Was den Seifen aber bis heute gleich geblieben ist, dass diese nach Gebrauch immer gut abgetrocknet werden müssen, damit ihre Ergiebigkeit erhöht wird.

Achtung: explosiv!

Anschliessend erklärte die Kräuterexpertin, wie die Frauen zu Hause selber Naturseifen herstellen können und worauf sie dabei achten müssen.

Zudem wies sie darauf hin, dass die ganze Prozedur nicht ganz ungefährlich ist und erklärte: «Durch das Mischen der Fette und Laugen werden chemische Prozesse in Gang gesetzt, die bei falscher Handhabung Ätzungen hinterlassen können.» Die Frauen liessen sich dadurch aber nicht entmutigen, sind sie doch gewohnt, mit dem Kochherd umzugehen und auf mehrere Dinge gleichzeitig zu achten, ohne dabei an Konzentration einzubüssen.

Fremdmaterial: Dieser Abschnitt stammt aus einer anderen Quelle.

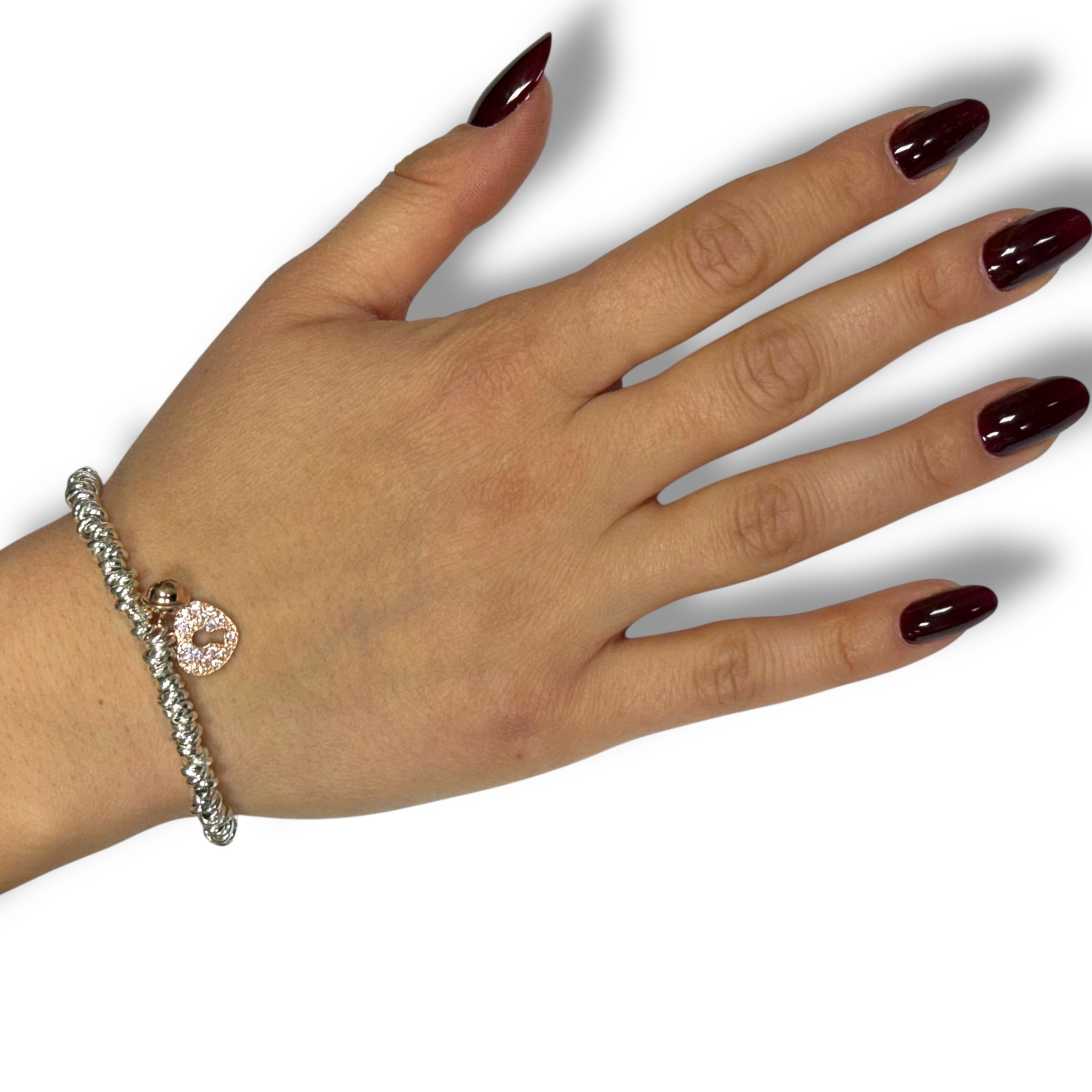 Bracciale femminile in argento 925 bicolore con charms a forma di lucchetto brillantinato oro rosa e campanellina con chiusura regolabile a moschettone.

Für die Seifen stellte Peyer viele unterschiedliche Zutaten zur Verfügung: Getrocknete Ringelblumen, Lavendel, Honig, Milch, Teeaufgüsse und einige mehr. Nun wurde den Anwesenden auch klar, woher der wohlriechende Duft stammte. In Grüppchen machte man sich an die Arbeit; wog die Zutaten ab, gab diese in einen Topf und rührte.

Die Menge musste auf der Digitalwaage exakt abgemessen werden, damit das Verhältnis von Fett und Lauge nicht verfälscht wurde, da das Gemisch ansonsten gefährlich werden konnte. Nachdem alle Zutaten vermengt waren, konnten die flüssigen Seifen in die Förmchen gegeben und nach Hause genommen werden.

Gesunde Mutter Natur

Peyer ist von der Wirksamkeit ihrer Naturseifen überzeugt: «Meine Seifen sind im Gegensatz zu den künstlichen länger haltbar, pH-neutral und trocknen die Haut nicht aus.

» Eine selbst gemachte Seife sei zudem auch für Personen geeignet, die normalerweise empfindlich darauf reagieren. Ein kleines Manko aber bleibt: «Unsere Seifen duften nicht so stark, dafür sind sie aber weitaus gesünder.»